To get all possibilities for t turns, we sum this probability for all possible values of k, from 0 to t:
$$P(\text{all possibilities}) = \sum_{k=0}^t \binom{t}{k} \cdot \prod_{i=0}^{k-1}\frac{m+i}{m+n+i} \cdot \prod_{j=0}^{t-k-1}\frac{n+j}{m+n+k+j}$$
- $\sum_{k=0}^t$ : Summing over all possible numbers of red balls drawn, from 0 to t.
- $\binom{t}{k}$ : This is the number of ways to choose k red balls out of t draws.
- $\prod_{i=0}^{k-1}\frac{m+i}{m+n+i}$ : This is the probability of drawing k red balls.
- $\prod_{j=0}^{t-k-1}\frac{n+j}{m+n+k+j}$ : This is the probability of drawing (t-k) blue balls.
This above formula can be used to answer questions such as "What is the probability of $k$ red balls at the the t-th turn?" or "What is the probability of there being less than $k$ balls at the t-th turn"?

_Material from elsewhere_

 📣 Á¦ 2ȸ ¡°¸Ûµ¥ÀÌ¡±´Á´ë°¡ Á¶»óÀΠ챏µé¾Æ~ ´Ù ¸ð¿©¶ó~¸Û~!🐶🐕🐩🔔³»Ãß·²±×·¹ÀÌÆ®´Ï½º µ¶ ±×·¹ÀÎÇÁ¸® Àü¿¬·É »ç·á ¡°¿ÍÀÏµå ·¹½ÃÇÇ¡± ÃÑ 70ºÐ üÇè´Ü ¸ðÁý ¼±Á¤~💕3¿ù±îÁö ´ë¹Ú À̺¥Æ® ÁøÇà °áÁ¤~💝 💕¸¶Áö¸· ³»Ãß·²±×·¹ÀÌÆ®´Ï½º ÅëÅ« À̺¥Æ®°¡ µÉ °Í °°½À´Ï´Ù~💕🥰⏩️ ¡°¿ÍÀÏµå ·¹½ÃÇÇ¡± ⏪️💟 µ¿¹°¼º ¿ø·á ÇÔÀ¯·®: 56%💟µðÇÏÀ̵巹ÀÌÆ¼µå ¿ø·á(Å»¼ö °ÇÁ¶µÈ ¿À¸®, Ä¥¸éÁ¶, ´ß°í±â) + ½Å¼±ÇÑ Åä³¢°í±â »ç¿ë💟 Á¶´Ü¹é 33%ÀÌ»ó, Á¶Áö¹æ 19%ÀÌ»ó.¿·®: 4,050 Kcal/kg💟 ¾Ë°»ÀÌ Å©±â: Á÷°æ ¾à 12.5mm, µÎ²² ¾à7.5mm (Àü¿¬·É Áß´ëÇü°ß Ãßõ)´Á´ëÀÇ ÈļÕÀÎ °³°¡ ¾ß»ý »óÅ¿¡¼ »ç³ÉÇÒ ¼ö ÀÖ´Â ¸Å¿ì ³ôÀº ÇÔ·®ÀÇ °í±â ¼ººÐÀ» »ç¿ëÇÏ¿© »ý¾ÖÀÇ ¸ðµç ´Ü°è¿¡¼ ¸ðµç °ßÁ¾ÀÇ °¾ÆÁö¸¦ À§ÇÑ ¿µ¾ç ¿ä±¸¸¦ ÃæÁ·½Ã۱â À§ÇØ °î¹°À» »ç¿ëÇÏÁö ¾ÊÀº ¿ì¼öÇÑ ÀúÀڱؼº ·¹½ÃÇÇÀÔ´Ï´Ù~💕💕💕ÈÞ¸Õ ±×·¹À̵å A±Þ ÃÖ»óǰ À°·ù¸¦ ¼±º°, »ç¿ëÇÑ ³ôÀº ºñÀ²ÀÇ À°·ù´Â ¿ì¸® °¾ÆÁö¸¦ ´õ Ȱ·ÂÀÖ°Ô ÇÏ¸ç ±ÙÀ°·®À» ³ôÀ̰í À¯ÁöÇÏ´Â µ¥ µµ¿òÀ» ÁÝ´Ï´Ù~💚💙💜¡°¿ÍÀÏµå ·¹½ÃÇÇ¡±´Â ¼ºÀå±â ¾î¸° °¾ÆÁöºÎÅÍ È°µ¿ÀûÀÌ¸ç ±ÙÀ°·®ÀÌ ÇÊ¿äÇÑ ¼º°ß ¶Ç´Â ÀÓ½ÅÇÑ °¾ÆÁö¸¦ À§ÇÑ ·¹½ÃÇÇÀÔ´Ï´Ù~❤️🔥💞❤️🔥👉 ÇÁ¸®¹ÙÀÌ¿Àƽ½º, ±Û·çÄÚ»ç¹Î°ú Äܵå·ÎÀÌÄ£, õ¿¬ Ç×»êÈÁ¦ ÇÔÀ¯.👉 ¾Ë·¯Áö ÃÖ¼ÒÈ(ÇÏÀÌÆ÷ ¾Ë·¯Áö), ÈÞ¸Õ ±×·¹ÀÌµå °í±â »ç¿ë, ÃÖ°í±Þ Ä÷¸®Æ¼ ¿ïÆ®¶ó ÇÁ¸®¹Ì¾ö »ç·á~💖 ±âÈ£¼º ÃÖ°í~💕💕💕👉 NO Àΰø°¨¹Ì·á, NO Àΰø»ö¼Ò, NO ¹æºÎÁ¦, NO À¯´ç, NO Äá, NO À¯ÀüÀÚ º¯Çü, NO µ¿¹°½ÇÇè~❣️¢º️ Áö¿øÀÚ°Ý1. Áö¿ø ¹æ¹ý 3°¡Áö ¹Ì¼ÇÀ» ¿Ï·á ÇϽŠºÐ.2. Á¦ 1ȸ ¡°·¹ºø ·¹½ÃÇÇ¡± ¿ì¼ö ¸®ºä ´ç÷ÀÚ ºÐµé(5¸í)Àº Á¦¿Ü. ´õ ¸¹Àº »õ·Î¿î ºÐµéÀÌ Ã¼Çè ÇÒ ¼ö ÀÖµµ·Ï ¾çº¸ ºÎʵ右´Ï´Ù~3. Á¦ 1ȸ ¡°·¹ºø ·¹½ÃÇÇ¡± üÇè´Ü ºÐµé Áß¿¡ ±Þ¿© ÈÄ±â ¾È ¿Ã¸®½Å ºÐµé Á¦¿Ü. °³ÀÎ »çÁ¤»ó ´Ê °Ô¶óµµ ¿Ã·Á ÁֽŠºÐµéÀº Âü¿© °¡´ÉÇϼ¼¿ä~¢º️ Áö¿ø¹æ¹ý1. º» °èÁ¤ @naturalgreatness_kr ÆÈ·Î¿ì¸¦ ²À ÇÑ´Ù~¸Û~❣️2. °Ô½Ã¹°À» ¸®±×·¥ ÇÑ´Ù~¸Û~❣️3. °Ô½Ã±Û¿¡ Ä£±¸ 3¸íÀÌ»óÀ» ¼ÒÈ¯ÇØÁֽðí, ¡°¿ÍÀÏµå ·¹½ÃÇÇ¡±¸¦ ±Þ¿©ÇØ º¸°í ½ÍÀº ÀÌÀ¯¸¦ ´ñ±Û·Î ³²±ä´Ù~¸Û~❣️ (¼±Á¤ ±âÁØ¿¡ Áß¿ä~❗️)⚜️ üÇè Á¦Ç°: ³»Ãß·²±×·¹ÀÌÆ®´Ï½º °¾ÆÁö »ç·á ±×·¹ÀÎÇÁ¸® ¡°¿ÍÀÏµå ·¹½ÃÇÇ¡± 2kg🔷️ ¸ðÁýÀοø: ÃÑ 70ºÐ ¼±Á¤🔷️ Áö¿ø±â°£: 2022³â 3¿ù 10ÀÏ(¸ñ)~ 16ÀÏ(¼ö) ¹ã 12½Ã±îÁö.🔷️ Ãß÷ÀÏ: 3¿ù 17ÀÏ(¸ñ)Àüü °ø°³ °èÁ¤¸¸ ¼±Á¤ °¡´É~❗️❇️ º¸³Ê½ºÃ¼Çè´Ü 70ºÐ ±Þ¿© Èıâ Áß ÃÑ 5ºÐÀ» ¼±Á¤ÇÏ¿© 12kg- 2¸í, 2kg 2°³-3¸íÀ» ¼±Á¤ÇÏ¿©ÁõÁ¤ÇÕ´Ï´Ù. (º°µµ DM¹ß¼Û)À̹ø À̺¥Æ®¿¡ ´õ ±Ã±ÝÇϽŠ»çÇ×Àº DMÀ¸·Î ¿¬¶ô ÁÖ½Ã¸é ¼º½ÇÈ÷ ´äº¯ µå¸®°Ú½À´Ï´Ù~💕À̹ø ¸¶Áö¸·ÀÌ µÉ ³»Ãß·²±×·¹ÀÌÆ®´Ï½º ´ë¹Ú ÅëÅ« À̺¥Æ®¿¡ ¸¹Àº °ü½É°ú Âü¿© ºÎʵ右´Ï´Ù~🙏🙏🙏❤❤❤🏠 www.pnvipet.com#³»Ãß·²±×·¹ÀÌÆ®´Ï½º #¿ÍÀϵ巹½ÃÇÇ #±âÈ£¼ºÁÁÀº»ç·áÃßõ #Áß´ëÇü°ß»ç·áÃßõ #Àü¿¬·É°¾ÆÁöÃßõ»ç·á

$$ P(R_t = m + k) = \binom{t}{k} \cdot \prod_{i=0}^{k-1} \frac{m + i}{m + n + i} \cdot \prod_{j=0}^{t-k-1} \frac{n + j}{m + n + k + j} $$
$$ P(R_t < m + k) = \sum_{r=0}^{k-1} \left[ \binom{t}{r} \cdot \prod_{i=0}^{r-1} \frac{m + i}{m + n + i} \cdot \prod_{j=0}^{t-r-1} \frac{n + j}{m + n + r + j} \right] $$
This concludes my work.
Is it correct?
- PS: I also started reading about the "rising factorial" as it comes up in these types of problems.
A regular factorial n! is the product of all positive integers less than or equal to n.

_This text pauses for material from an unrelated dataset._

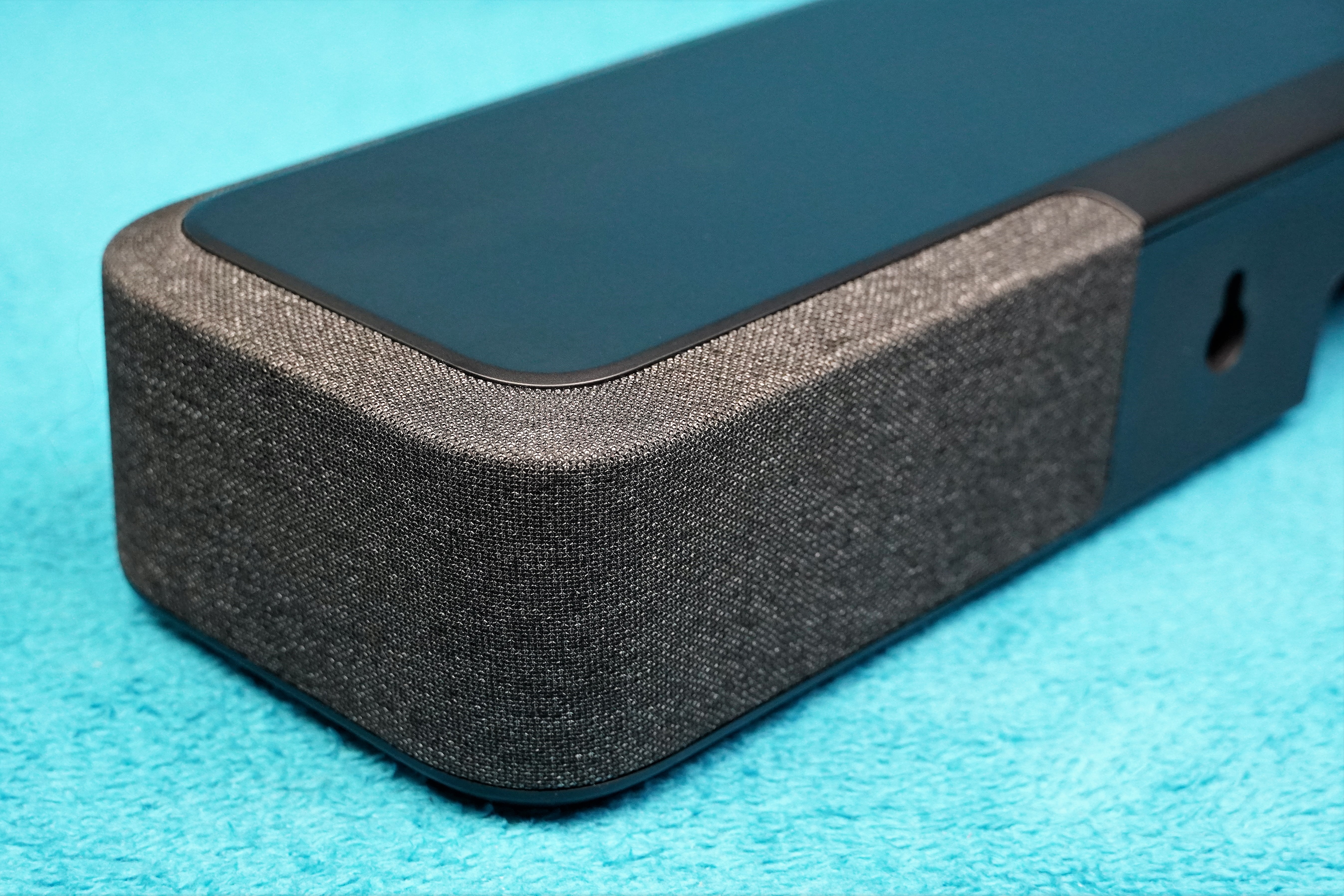 Das hochwertige Akustikgitter umschließt die gesamte Soundbar und verleiht ihr ein edles Erscheinungsbild. Die Verarbeitungsqualität ist auf höchstem Niveau – hier gibt es keine wackeligen Teile oder billig wirkende Elemente. Alle Kanten sind sauber verarbeitet.

$$n! = n \times (n-1) \times (n-2) \times ... \times 2 \times 1$$
On the other hand, the rising factorial notation (https://en.wikipedia.org/wiki/Falling_and_rising_factorials), denoted by $x^(n)$ or $(x)_n$ is the product of n consecutive integers starting from x.
$$x^{(n)} = x \times (x+1) \times (x+2) \times ... \times (x+n-1)$$
For example: $$3^{(4)} = 3 \times 4 \times 5 \times 6 = 360$$
Here, we did a factorial from $3$ to $[(3+4)-1]$, i.e. 3 to 6.

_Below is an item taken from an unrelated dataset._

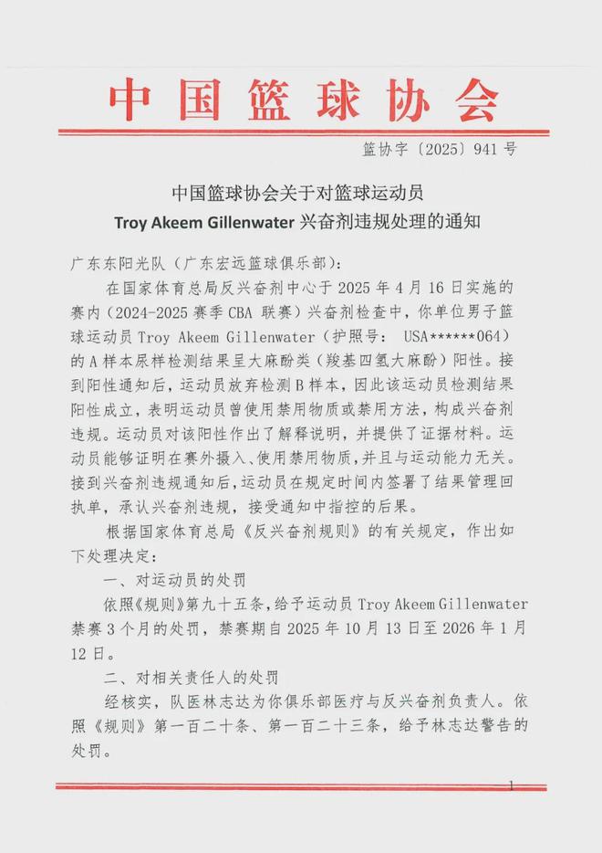 昨天(10月13日),中国篮球协会给广东东阳光队(广东宏远篮球俱乐部)下发《关于对篮球运动员Troy Akeem Gillenwater兴奋剂违规处理的通知》。通知提到,对兴奋剂违规的中国男子篮球职业联赛(CBA)外援吉伦沃特处以禁赛3个月的处罚。

Going back to the original formula, we can write:
$$ \frac{(m)_k}{(m+n)_k} = \frac{m (m + 1) (m + 2) \cdots (m + k - 1)}{(m + n) (m + n + (m + n + 2) \cdots (m + n + k - 1)} $$
$$ \frac{(n)_{t-k}}{(m+n+k)_{t-k}} = \frac{n (n + 1) (n + 2) \cdots (n + (t - k) - 1)}{(m + n + k) (m + n + k + 1) (m + n + k + 2) \cdots (m + n + k + (t - k) - 1)} $$
And putting everything together:
$$P(\text{all possibilities}) = \sum_{k=0}^t \binom{t}{k} \cdot \frac{(m)_k}{(m+n)_k} \cdot \frac{(n)_{t-k}}{(m+n+k)_{t-k}}$$